Quantcast

Store vacancies in Queens hurt other businesses

Stores along Queens’ prominent shopping streets have been sitting vacant for months.
THE COURIER/Photo by Alexa Altman

Some stores along Queens’ prominent shopping streets have been abandoned, sitting vacant for months. Several landlords have posted hopeful “for rent” signs. Others remain completely empty.

Officials from Business Improvement Districts (BIDs) and Chambers of Commerce across Queens blame the nation’s foundering economy for the string of vacancies. Others insist that skyrocketing rents are causing businesses to pack up and leave.

Gregg Sullivan, executive director of the Bayside Village BID, alleges that the recent upswing of store vacancies is due to both the struggling economy and raised rents.

“There’s a need for an adjustment between landlords and rents to accommodate the downturn in the economy,” said Sullivan, adding that Bayside’s Bell Boulevard has six vacant storefronts.

On Jamaica Avenue in Woodhaven, 25 stores sit empty. Maria A. Thomson, executive director of the Woodhaven Development Corporation, alleges that store vacancies are from the weak economy’s impact on business.

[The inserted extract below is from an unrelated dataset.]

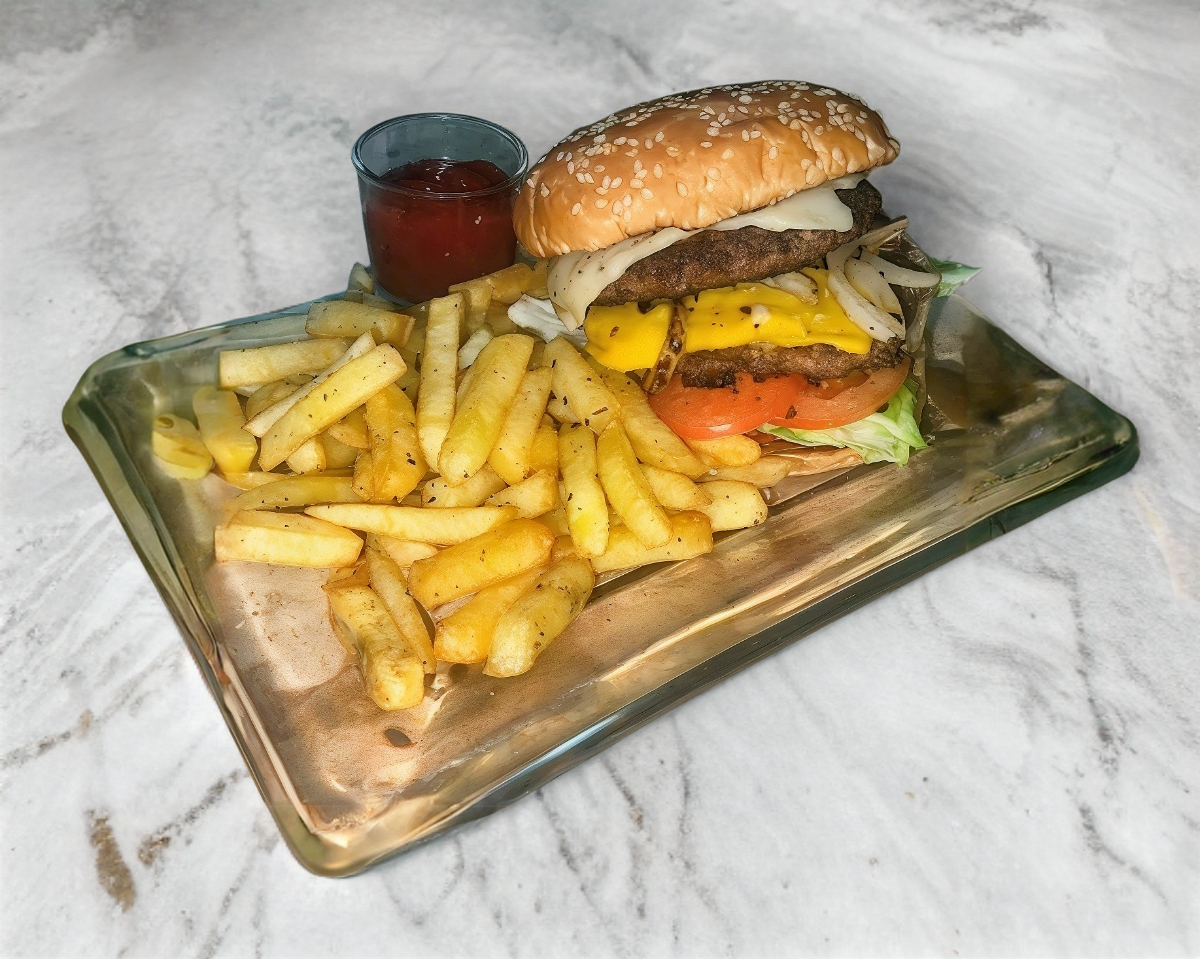 Hamburguesa Doble Doble*1 + 7up Lata 355 ml*1 + papas onduladas*1

“With the economy being so sluggish, the patronage isn’t there to pay the bills, so that’s part of it,” said Thomson. “Part of it is the fact that they just can’t make it. They just can’t sustain the paying of the bills.”

Jim O’Kane is the head of O’Kane Realty, a company that manages several commercial properties along Maspeth’s Grand Avenue. The strip currently has nine vacancies.

“The cost of being in business is so high these days,” said O’Kane. “Rent and other expenses will eat you up unless you have a large reserve. It’s why a lot of ‘mom and pop’ stores are going out of business.”

Empty stores have begun to negatively affect Maspeth’s popular strip, according to O’Kane. “If the stores are vacant, it brings fewer people to the avenue, which compounds the situation for other store owners,” he said.

Michael Terry, president of the Maspeth Chamber of Commerce, believes that the vacancies are caused by the normal ebb and flow of the business cycle. Nevertheless, according to Terry, they are bad for business.

“It never looks good,” said Terry. “The more vacancies there are, the more people wonder how businesses are doing. The more businesses there are, the more people will come to the street.”

Terry speculated that the removal of Off-Track Betting locations in late 2010 has something to do with vacancies, as many former OTB locations have ongoing leases.